The use and abuse of the char type in the C language led to many incompatibilities between compiler implementations, so in the ANSI standard for C, two specific changes were made: The universal pointer was redefined to have a type of void, thus requiring an explicit declaration by the programmer; and the numerical value of characters was considered to be signed, thus defining how they would be treated when used in numeric computations. Then, in the mid-1980s, engineers and users figured out that 8 bits was insufficient to represent all of the characters in the world. Unfortunately, by that time, C was so entrenched that people were unwilling, perhaps even unable, to change the definition of the char type. Now flash forward to the '90's, to the early beginnings of Java. One of the many principles laid down in the design of the Java language was that characters would be 16 bits. This choice supports the use of Unicode, a standard way of representing many different kinds of characters in many different languages. Unfortunately, it also set the stage for a variety of problems that are only now being rectified.

What is a character anyway?

I knew I was in trouble when I found myself asking the question, "So what is a character?" Well, a character is a letter, right? A bunch of letters make up a word, words form sentences, and so on. The reality, however, is that the relationship between the representation of a character on a computer screen, called its glyph, to the numerical value that specifies that glyph, called a code point, is not really straightforward at all.

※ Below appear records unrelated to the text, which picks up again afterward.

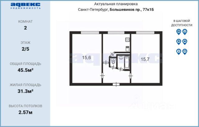 Продаётся 2к.кв. в ЖК ЛайнерЪ от застройщика Группа компаний "РСТИ" (Росстройинвест). Квартира находится в 17 этажном доме, в ЛайнерЪ на 2 этаже. Общая площадь квартиры 63,90 кв.м. Жилой комплекс "Лайнеръ" на Октябрьской набережной это дом с живописными видами на Неву, вантовый мост и новые кварталы Санкт-Петербурга. Авторский проект сочетает в себе стильные выразительные фасады с переменной этажностью, закрытый благоустроенный двор, разнообразные планировочные решения. В стилобатной части расположится просторный, теплый подземный паркинг. Из паркинга можно подняться на лифте на свой этаж, чтобы не нести покупки по лестнице. В доме представлен широкий выбор квартир от студий до трехкомнатных, в том числе уникальные лоты: квартиры с мастер-спальнями, квартиры-студии с двумя окнами и с возможностью зонирования, квартиры с окном в ванной, квартиры с террасами, квартиры с просторной кухней-гостиной 20-27 кв.м. Предлагаются варианты с чистовой, предчистовой (white box) отделкой и без отделки. "Лайнеръ" расположился в новом активно развивающемся районе Санкт-Петербурга, удобном с точки зрения транспортной доступности. Крупные развязки и наличие неразводного Большого Обуховского моста позволяют оперативно добираться до нужного места. Шопинг и развлечения тоже рядом 5-10 минут езды до огромного торгово-развлекательного комплекса, расположенного в Кудрово. Близость КАД обеспечит быстрый доступ в любую точку города и пригороды (Колпино, Шлиссельбург, Всеволожск и др.). В 15 минутах езды от жилого комплекса находятся 2 станции метро Пролетарская и улица Дыбенко.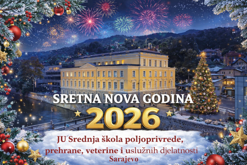 Sretnu i uspješnu Novu godinu želi vam V.d. direktor, Mr. sci. Nevenko Čengić sa kolektivom JU Srednje škole poljoprivrede, prehrane, veterine i uslužnih djelatnosti Sarajevo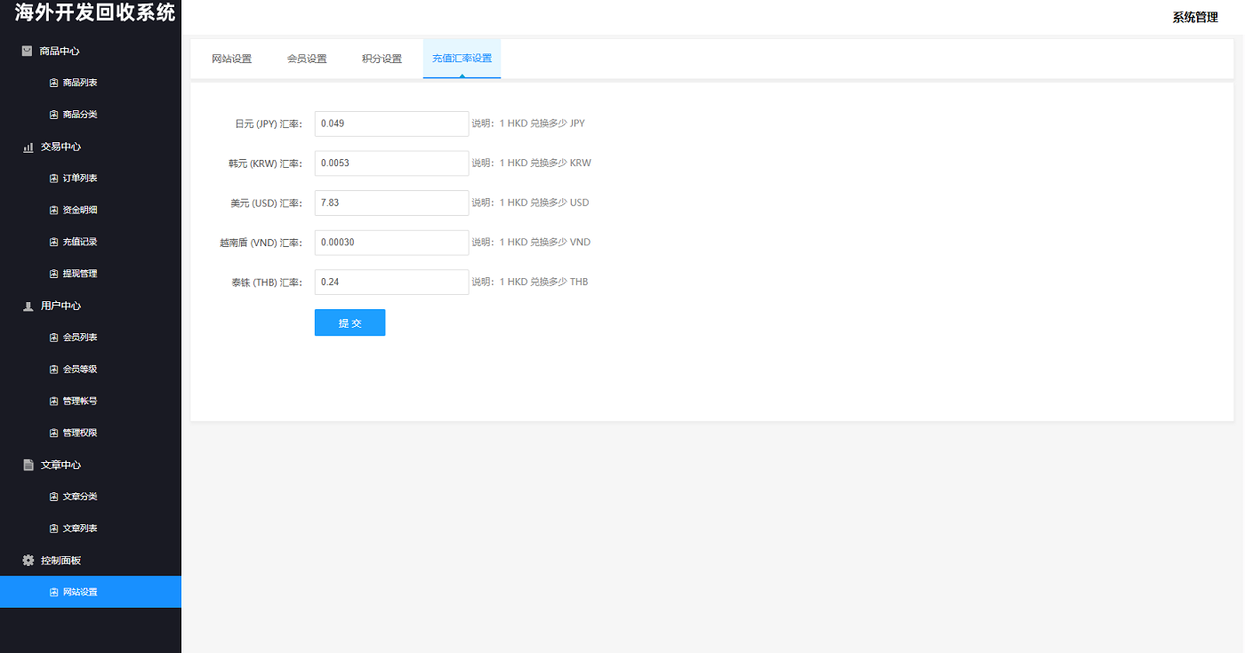 系统支持:访问邀请码,自定义回收价格,信用分,充值汇率,默认货币,权限代理等功能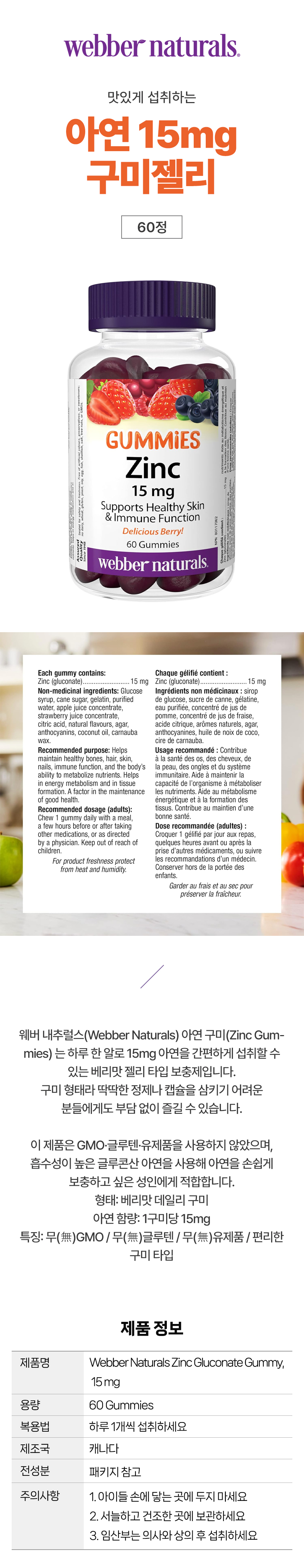 웨버내추럴스 아연 15mg 구미젤리 60정 간편히 섭취하는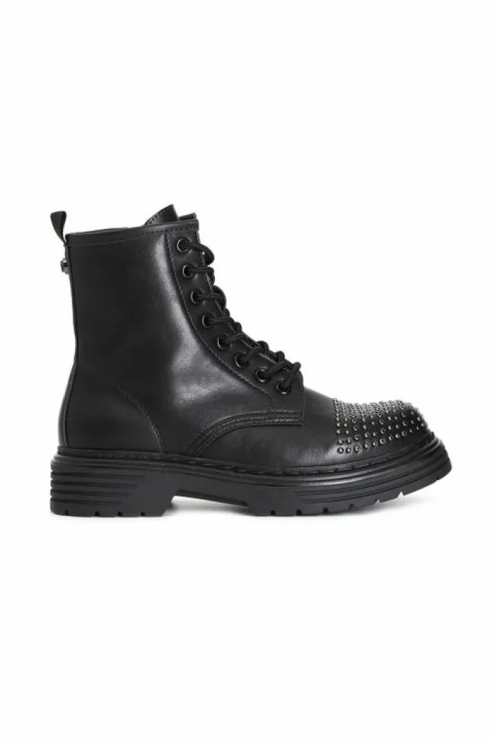 Prodotto iconico da sempre best seller indiscusso. questo tronchetto in similpelle allacciato con borchie ornamentali sulla punta. cerniera interna. nella sua semplicità è la chiave di volta per completare i look più svariati.

I consider myself lucky to be a native speaker of the English language. First, because it was the common language of a significant number of those who contributed to the design and development of the modern-day digital computer; second, because it has a relatively small number of glyphs. There are 96 printable characters in the ASCII definition that can be used to write English. Compare this to Chinese, where there are over 20,000 glyphs defined and that definition is incomplete. From early beginnings in Morse and Baudot code, the overall simplicity (few glyphs, statistical frequency of appearance) of the English language has made it the lingua-franca of the digital age. But as the number of people entering the digital age has increased, so has the number of non-native English speakers. As the numbers grew, more and more people were increasingly disinclined to accept that computers used ASCII and spoke only English. This greatly increased the number of "characters" computers needed to understand. As a result, the number of glyphs encoded by computers had to double.

The number of available characters doubled when the venerable 7-bit ASCII code was incorporated into an 8-bit character encoding called ISO Latin-1 (or ISO 8859_1, "ISO" being the International Standards Organization). As you may have gathered by the encoding name, this standard allowed for the representation of many of the latin-derived languages used in the European continent. Just because the standard was created, however, didn't mean it was usable. At the time, a lot of computers had already started using the other 128 "characters" that might be represented by a an 8-bit character to some advantage. The two surviving examples of the use of these extra characters are the IBM Personal Computer (PC), and the most popular computer terminal ever, the Digital Equipment Corporation VT-100. The latter lives on in the form of terminal emulator software.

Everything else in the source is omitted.